DATASET CONTENT →

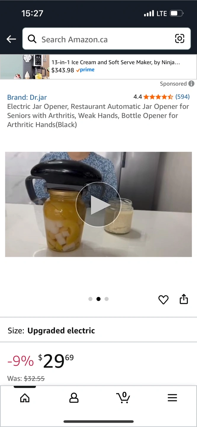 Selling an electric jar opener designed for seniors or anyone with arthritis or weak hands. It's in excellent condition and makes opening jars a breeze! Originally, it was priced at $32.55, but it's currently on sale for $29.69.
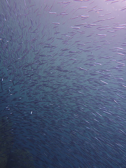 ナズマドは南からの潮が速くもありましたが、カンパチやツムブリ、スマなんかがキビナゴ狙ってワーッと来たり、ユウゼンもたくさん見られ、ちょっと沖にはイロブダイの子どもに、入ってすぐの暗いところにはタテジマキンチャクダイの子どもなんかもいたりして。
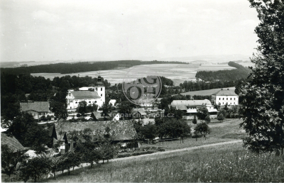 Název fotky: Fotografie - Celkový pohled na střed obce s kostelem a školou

* * *

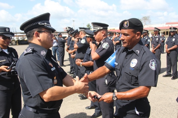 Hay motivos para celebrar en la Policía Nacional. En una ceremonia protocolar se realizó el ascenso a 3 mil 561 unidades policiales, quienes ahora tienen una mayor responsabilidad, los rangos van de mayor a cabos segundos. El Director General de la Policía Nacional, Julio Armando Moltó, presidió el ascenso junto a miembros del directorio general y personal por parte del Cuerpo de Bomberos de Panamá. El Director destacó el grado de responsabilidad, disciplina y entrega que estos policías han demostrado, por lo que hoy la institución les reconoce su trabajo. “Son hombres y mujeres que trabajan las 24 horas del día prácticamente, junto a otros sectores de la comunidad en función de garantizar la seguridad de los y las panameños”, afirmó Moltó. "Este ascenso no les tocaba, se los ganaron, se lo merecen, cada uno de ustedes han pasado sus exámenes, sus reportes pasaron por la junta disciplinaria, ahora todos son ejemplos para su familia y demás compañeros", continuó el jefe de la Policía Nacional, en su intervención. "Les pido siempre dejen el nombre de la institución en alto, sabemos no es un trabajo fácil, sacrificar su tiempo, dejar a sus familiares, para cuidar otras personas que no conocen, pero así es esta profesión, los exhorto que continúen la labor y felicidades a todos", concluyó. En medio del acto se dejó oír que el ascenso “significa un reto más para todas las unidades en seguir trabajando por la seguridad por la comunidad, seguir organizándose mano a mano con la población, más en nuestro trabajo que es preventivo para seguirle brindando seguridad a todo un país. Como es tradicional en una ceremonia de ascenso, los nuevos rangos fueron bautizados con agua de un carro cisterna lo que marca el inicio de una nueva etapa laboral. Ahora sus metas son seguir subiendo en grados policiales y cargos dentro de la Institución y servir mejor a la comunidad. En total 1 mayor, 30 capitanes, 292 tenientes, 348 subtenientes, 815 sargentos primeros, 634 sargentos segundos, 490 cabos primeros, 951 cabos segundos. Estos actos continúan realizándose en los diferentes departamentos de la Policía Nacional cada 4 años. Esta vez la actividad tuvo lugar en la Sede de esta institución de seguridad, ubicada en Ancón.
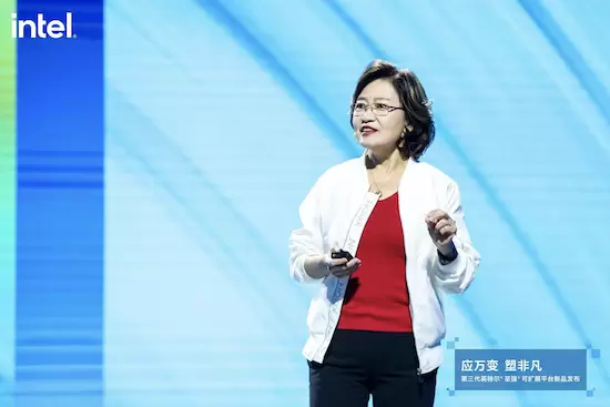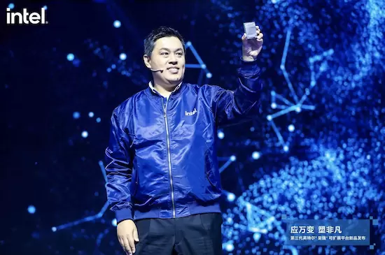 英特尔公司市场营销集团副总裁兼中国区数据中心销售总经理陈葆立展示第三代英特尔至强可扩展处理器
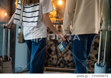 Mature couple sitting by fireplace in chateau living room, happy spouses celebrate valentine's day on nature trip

---

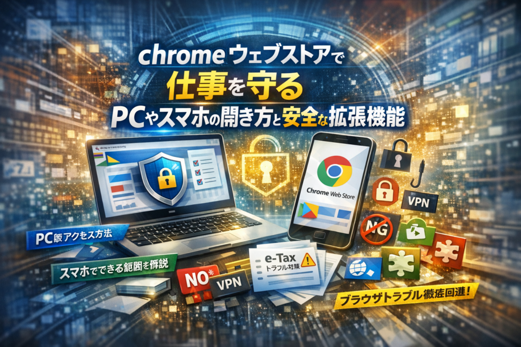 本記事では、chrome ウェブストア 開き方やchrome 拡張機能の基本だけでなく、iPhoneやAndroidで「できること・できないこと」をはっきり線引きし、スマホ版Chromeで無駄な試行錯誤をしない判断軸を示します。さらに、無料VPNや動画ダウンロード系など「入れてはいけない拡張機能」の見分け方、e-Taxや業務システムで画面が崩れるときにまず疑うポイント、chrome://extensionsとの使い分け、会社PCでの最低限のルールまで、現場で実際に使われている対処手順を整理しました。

HOW TO COMPLETE THIS TASK →
Exact copy, no pictures. Write out the lines in the entries above, starting with the line with "Selling an electric" and going on through the line with "Název fotky: Fotografie", keeping both.

SOLVED PROBLEM →
 Selling an electric jar opener designed for seniors or anyone with arthritis or weak hands. It's in excellent condition and makes opening jars a breeze! Originally, it was priced at $32.55, but it's currently on sale for $29.69.
 ナズマドは南からの潮が速くもありましたが、カンパチやツムブリ、スマなんかがキビナゴ狙ってワーッと来たり、ユウゼンもたくさん見られ、ちょっと沖にはイロブダイの子どもに、入ってすぐの暗いところにはタテジマキンチャクダイの子どもなんかもいたりして。
 Název fotky: Fotografie - Celkový pohled na střed obce s kostelem a školou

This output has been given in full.